# Exploring Hist

In [None]:
# Make the necessary imports
from hist import Hist
import hist
import numpy as np
import matplotlib.pyplot as plt

# Make a random number generator
rng = np.random.default_rng()

Let's make a 1d dataset to run on.

In [None]:
data1 = rng.normal(3.5, 2.5, size=1_000_000)

This is a random, gaussian dataset. If you wanted to visualize it, you would probably would _NOT_ do this (plotting only the first 1,000 points just to keep SVG/PDF backends from bogging down):

In [None]:
plt.plot(data1[:1_000], '.');

Instead, we would want to look at this data using a histogram. Let's start with the basics. We will create a basic histogram and then perform some operations on it.

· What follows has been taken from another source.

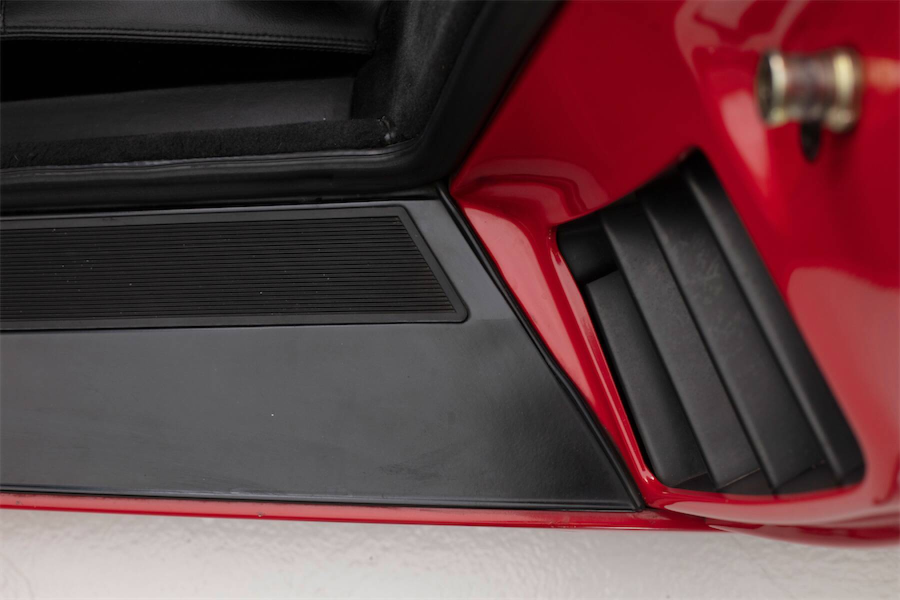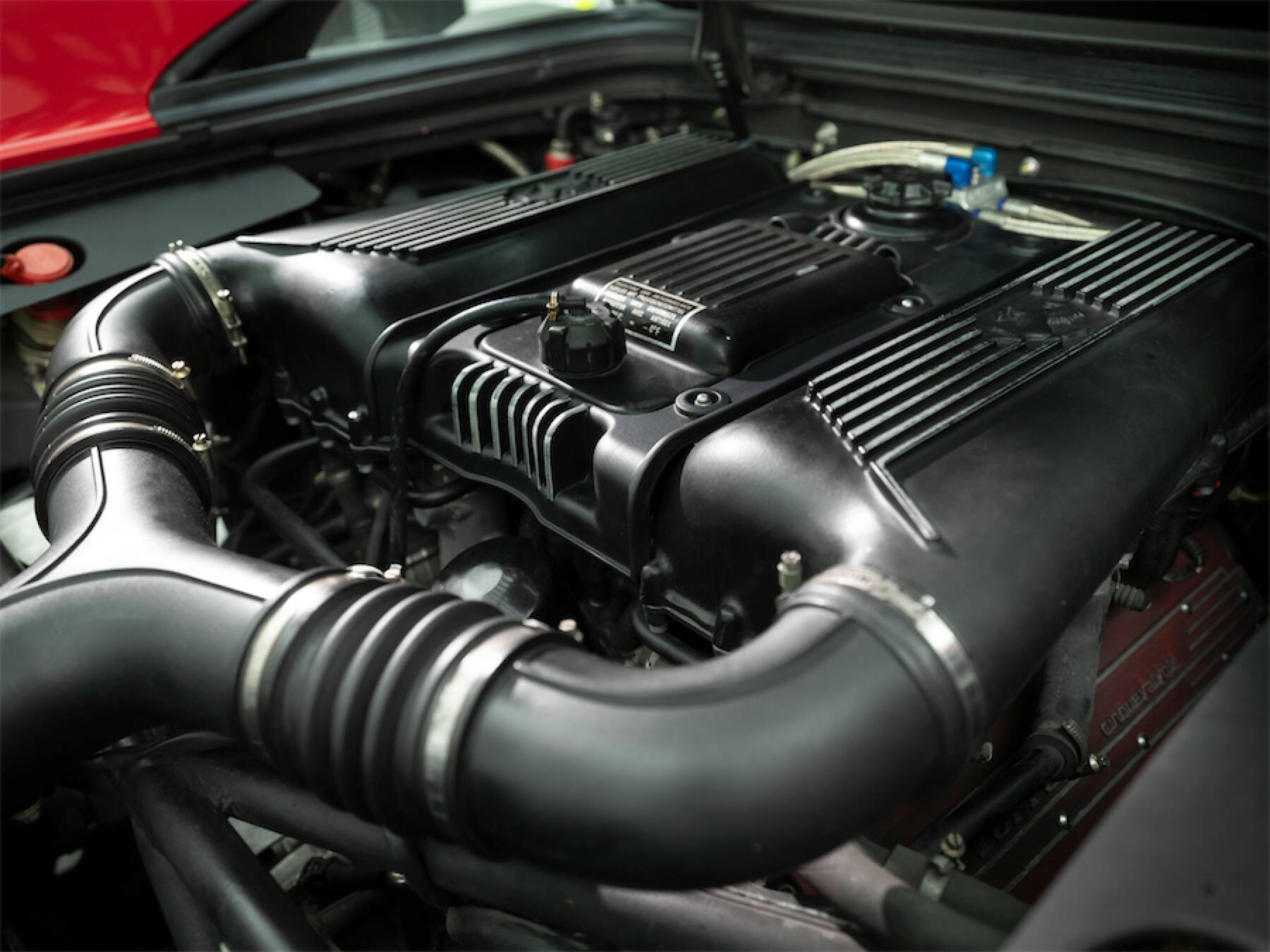 Designed by Pininfarina, the body showcases the classic Rosso Corsa finish, complemented by a removable body-color roof panel. The styling includes pop-up headlights, fog lights, flying buttress C-pillars, an integrated rear decklid spoiler, quad exhaust outlets, a vented engine cover, and strategically placed air intakes on the doors and rocker panels.
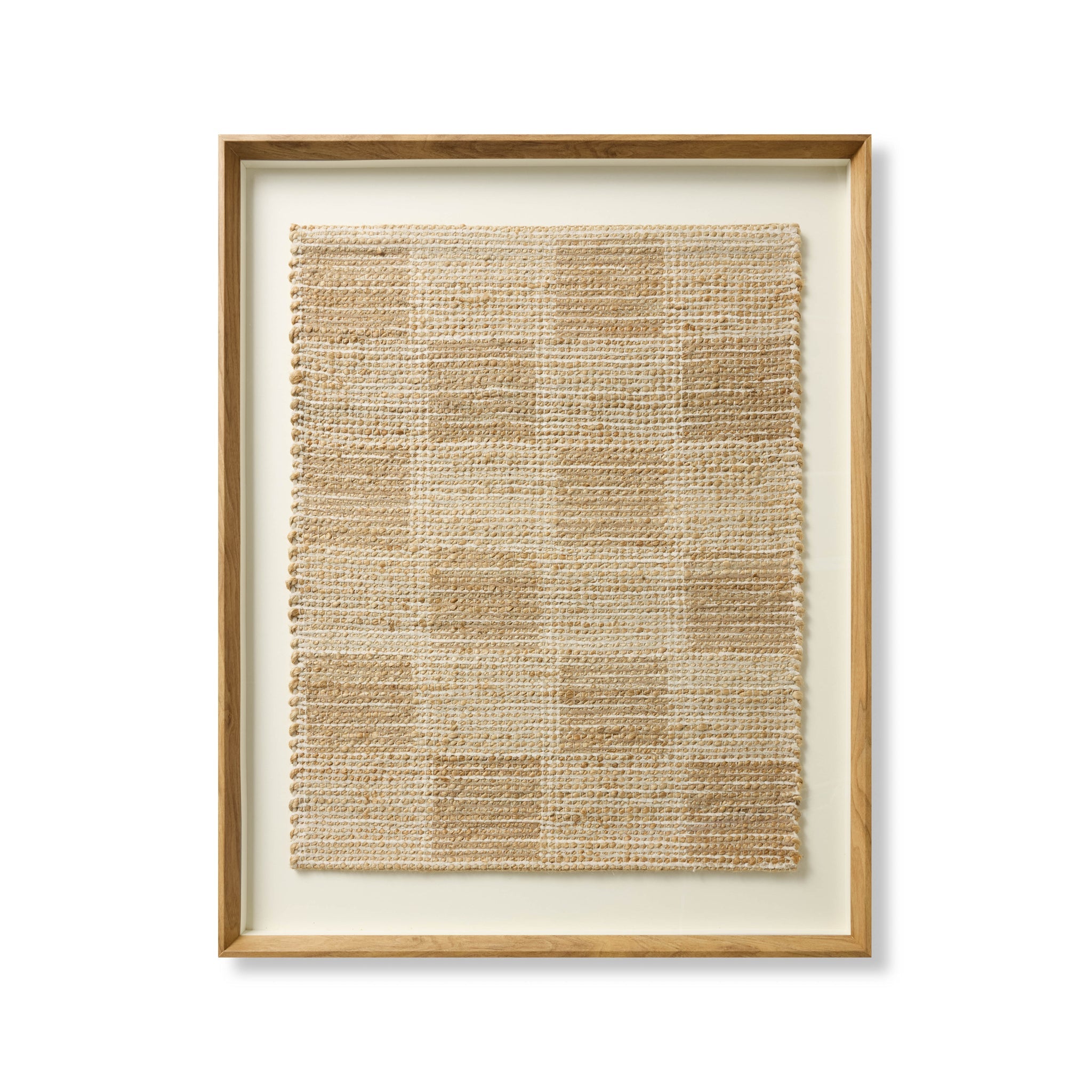 Sant Ynez is large wall art by Amber Lewis x Loloi featuring a natural jute textile with a sand-toned checkerboard pattern, a beautiful accent for organic-modern home decor. The artwork is made in India and custom-framed by Loloi in the USA

_Remember that the histogram here is an object, which is really helpful for a lot of things! :)_

## The histogram object

Now, let's see what a Histogram object looks like.

In [None]:
h = hist.Hist(hist.axis.Regular(300, -5, 10, name="x"))
h.fill(data1)

There is something to notice here; the fill method mutates the histogram object (it does return itself, so you can chain this functional style if you want). This means that you can fill the histogram multiple times!

We also get the histogram information in a repr! 

You can slice it:

In [None]:
h[20:40]

Notice how the bin information is propogated with the histogram.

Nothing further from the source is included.